> [WHAT THE EXERCISE ASKS] Can you write out every line from the start of the records below through the line containing "Матовий подвійний умивальник", leaving out any pictures?

[Dataset records]
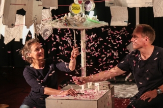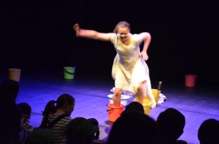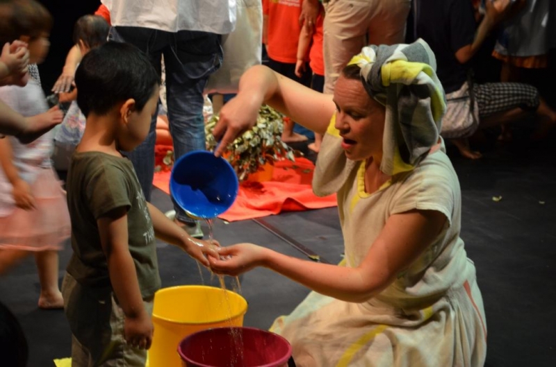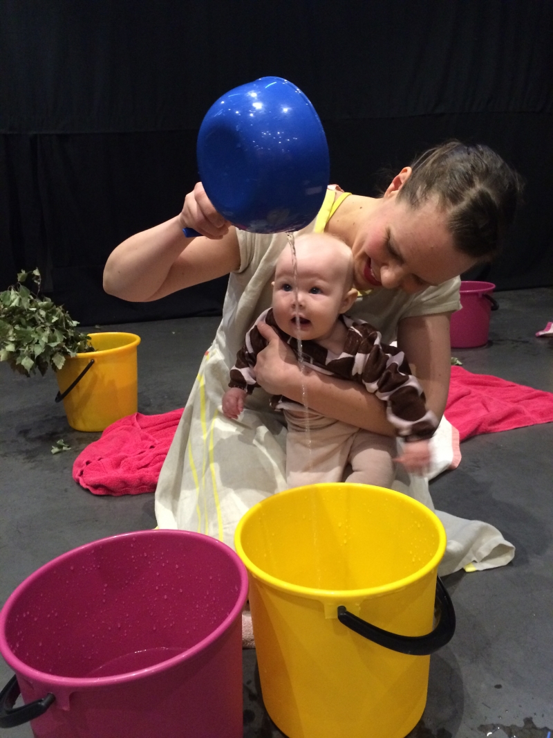 霧深い森の奥、そこはフィンランド人にとって、聖なる場所であるサウナ。スチームのシューッという小さな音、火がパチパチという音、水がはじけ、色とりどりのバケツが並び・・・。サウナを題材としたパフォーマンス。最後は観客のみなさんもサウナあそびを体験しましょう。
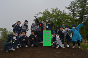 第2日目、事前の天気予報では曇りから晴れでしたが、朝から小雨がぱらつく状況でした。5年生にとっては最後の林間学校ですので、何とか登山は行かせてあげたいという教員の思いで、雨の合間を見て出発しました。二学年で平尾山を目指しました。新緑の中を歩く心地よさを体感しながら、雨具を使用しながらも木々に守られ登山を進めました。歯を食いしばって自分の足でしっかり上っていく子どもたちを見ていると、やはり来てよかったと思わされました。平尾山頂上で、再び選択を余儀なくされました。昼食をここでとるか宿舎に帰って食べるか、登山を続けるか引き返すか…。霧に覆われていたなか山頂から、ほんの少し山中湖が見えたときに子どもたちから歓声が上がりました。霧も少し晴れたため、頂上で昼食のおにぎりをみんなでほおばったあと、5年生の希望者のみ予定の石割山山頂を目指し、他は宿舎に戻ることになりました。石割山に行った児童は、とてもきつい道を登りきったため、下山したときに目標を達成できた満足感で顔がかがやいていました。
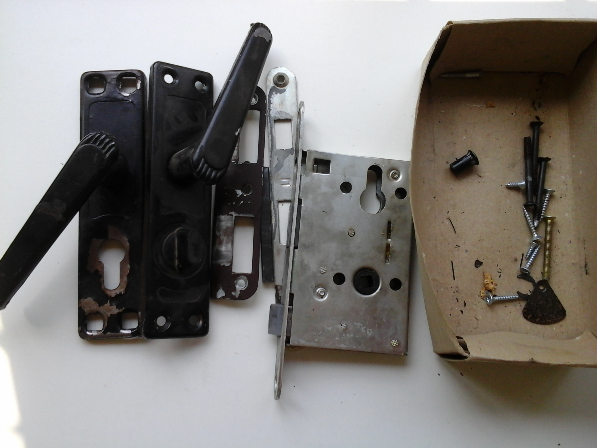 у меня есть б/у комплект советский, снял с дачи , сталь . Не порошковая дрянь из китая. Стоит комплект 250грн. Сами ручки-накладки можно поменять на любые другие с нормальным декором.
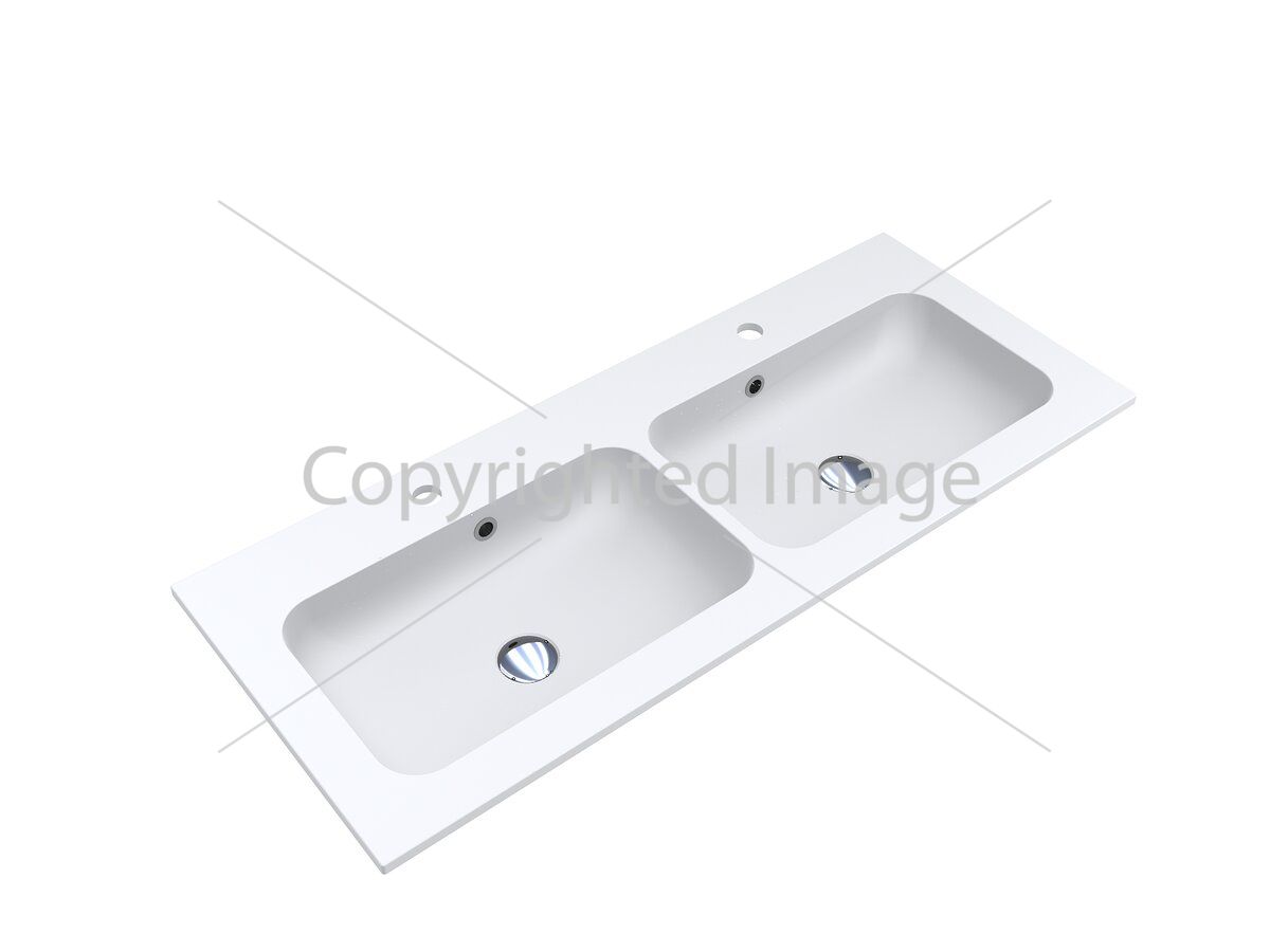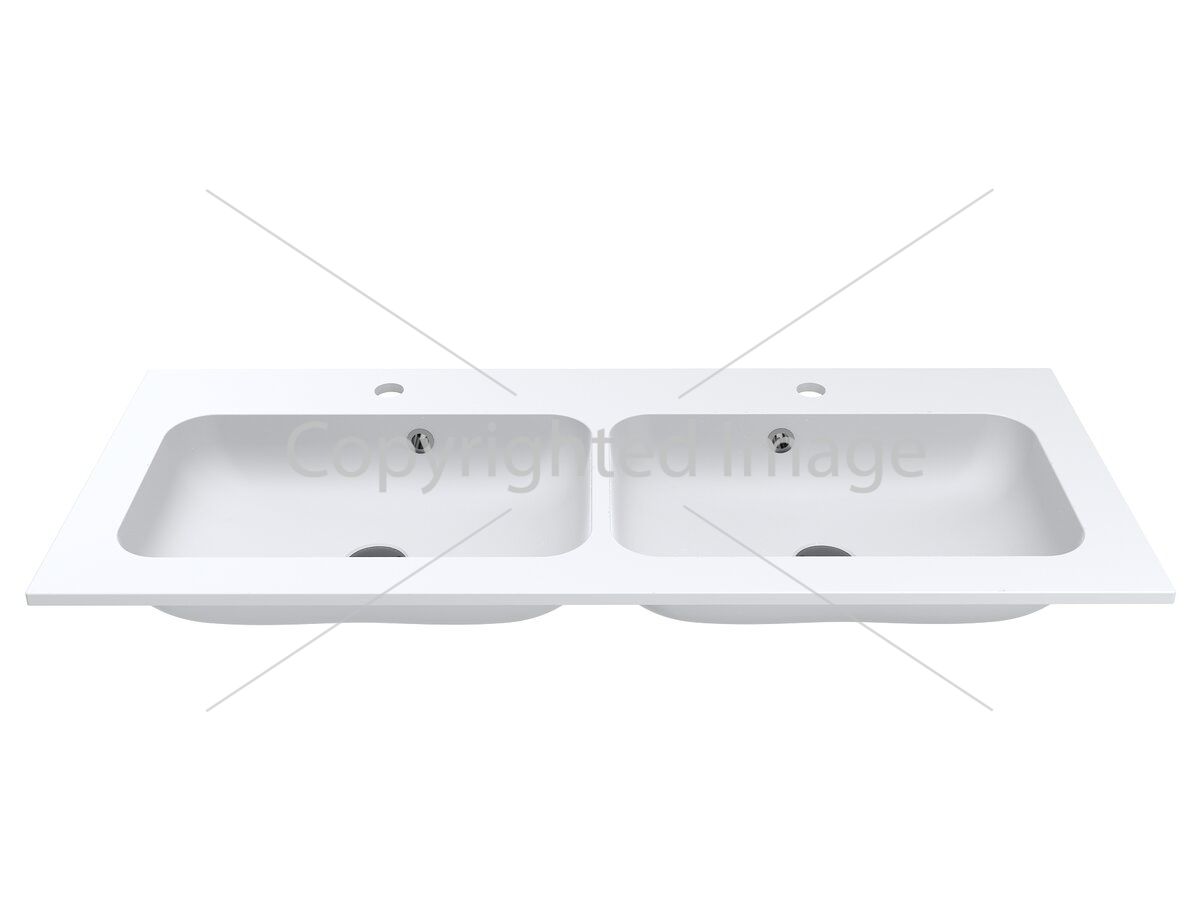 Матовий подвійний умивальник на тумбу DELLA 1100-2 MIRASOFT з прямокутними чашами - чудове рішення для великої родини. Широкі крила дозволяють комфортно розташувати банне приладдя та проводити гігієнічні процедури вдвох. Раковина має два отвори під змішувач та переливи у кожній чаші. Умивальник може бути встановлений накладним методом на тумбу або врізаний у полицю.
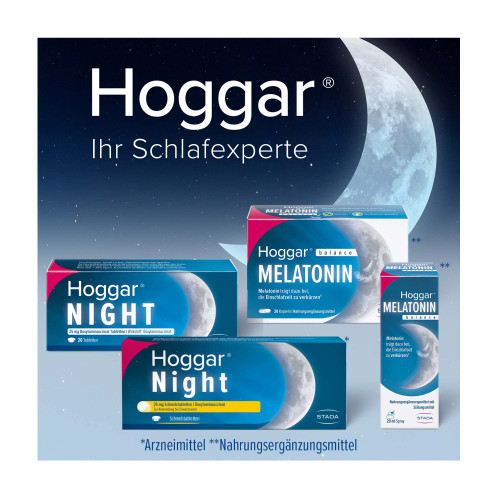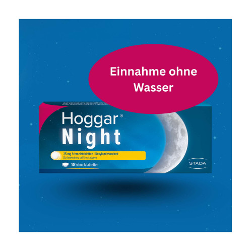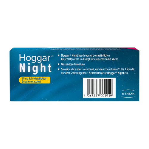 Hoggar Night 25 mg Schmelztabletten. Wirkstoff: Doxylaminhydrogensuccinat. Anwendungsgebiete: Zur Anwendung bei Erwachsenen. Zur symptomatischen Kurzzeitbehandlung von gelegentlichen Schlafstörungen bei Erwachsenen. Warnhinweise: Nicht alle Schlafstörungen bedürfen einer medikamentösen The-rapie. Oftmals sind sie Ausdruck körperlicher oder seelischer Erkrankungen und können durch andere Maßnahmen oder eine Therapie der Grundkrankheit beeinflusst werden. Deshalb sollte Hoggar® Night nicht zur Dauerbehandlung von länger anhaltenden Schlaf-störungen angewendet werden. Suchen Sie stattdessen Ihren behandelnden Arzt auf. Hinweis: Enthält Glucose und Natrium.
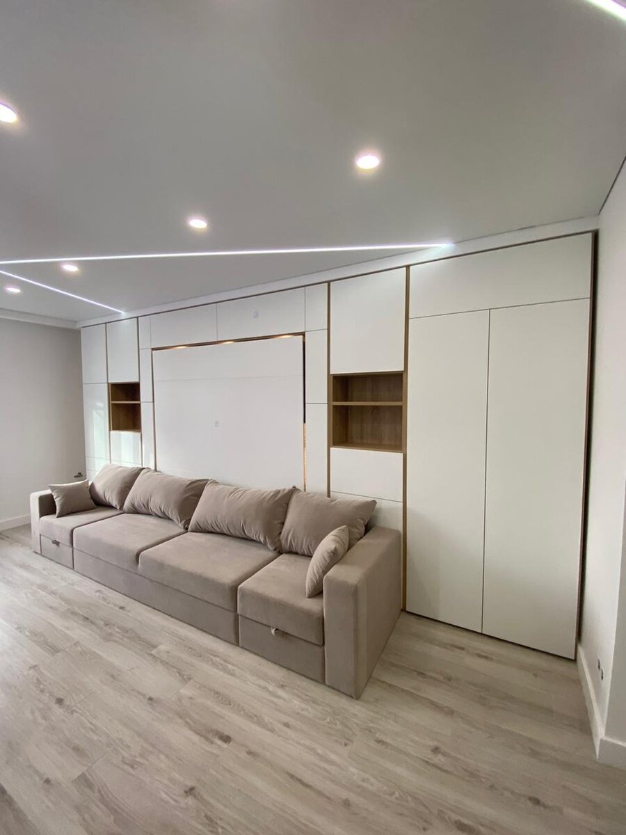 Как превратить стену в обычной комнате в супер функциональную жилую систему, использовав минимум пространства? Рассмотрим монтаж, в котором была реализована эта идея. Заказчиком была поставлена задача: максимально задействовать пространство стены, чтобы освободить больше места в комнате без потери необходимого для жизни функционала. Задача усложнялась тем, что комната используется одновременно, как спальня и как гостиная. Применив возможности мебели трансформер Olissys, нам удалось разместить вдоль одной стены кровать-трансформер, два платяных шкафа, два стеллажа и большой четырехместный диван с функцией хранения. Глубина всей системы хранения составляет всего 327мм. На фасадах используются механизмы Push to Open– открытие от нажатия, благодаря этому достигается эффект единой многофункциональной стены. Спальный модуль трансформер находится в центре композиции и позволяет за несколько секунд превратить гостиную в комфортную спальню. Как и во всех флагманских моделях, изголовье спального

> [RESPONSE TO THIS TASK]
 霧深い森の奥、そこはフィンランド人にとって、聖なる場所であるサウナ。スチームのシューッという小さな音、火がパチパチという音、水がはじけ、色とりどりのバケツが並び・・・。サウナを題材としたパフォーマンス。最後は観客のみなさんもサウナあそびを体験しましょう。
 第2日目、事前の天気予報では曇りから晴れでしたが、朝から小雨がぱらつく状況でした。5年生にとっては最後の林間学校ですので、何とか登山は行かせてあげたいという教員の思いで、雨の合間を見て出発しました。二学年で平尾山を目指しました。新緑の中を歩く心地よさを体感しながら、雨具を使用しながらも木々に守られ登山を進めました。歯を食いしばって自分の足でしっかり上っていく子どもたちを見ていると、やはり来てよかったと思わされました。平尾山頂上で、再び選択を余儀なくされました。昼食をここでとるか宿舎に帰って食べるか、登山を続けるか引き返すか…。霧に覆われていたなか山頂から、ほんの少し山中湖が見えたときに子どもたちから歓声が上がりました。霧も少し晴れたため、頂上で昼食のおにぎりをみんなでほおばったあと、5年生の希望者のみ予定の石割山山頂を目指し、他は宿舎に戻ることになりました。石割山に行った児童は、とてもきつい道を登りきったため、下山したときに目標を達成できた満足感で顔がかがやいていました。
 у меня есть б/у комплект советский, снял с дачи , сталь . Не порошковая дрянь из китая. Стоит комплект 250грн. Сами ручки-накладки можно поменять на любые другие с нормальным декором.
 Матовий подвійний умивальник на тумбу DELLA 1100-2 MIRASOFT з прямокутними чашами - чудове рішення для великої родини. Широкі крила дозволяють комфортно розташувати банне приладдя та проводити гігієнічні процедури вдвох. Раковина має два отвори під змішувач та переливи у кожній чаші. Умивальник може бути встановлений накладним методом на тумбу або врізаний у полицю.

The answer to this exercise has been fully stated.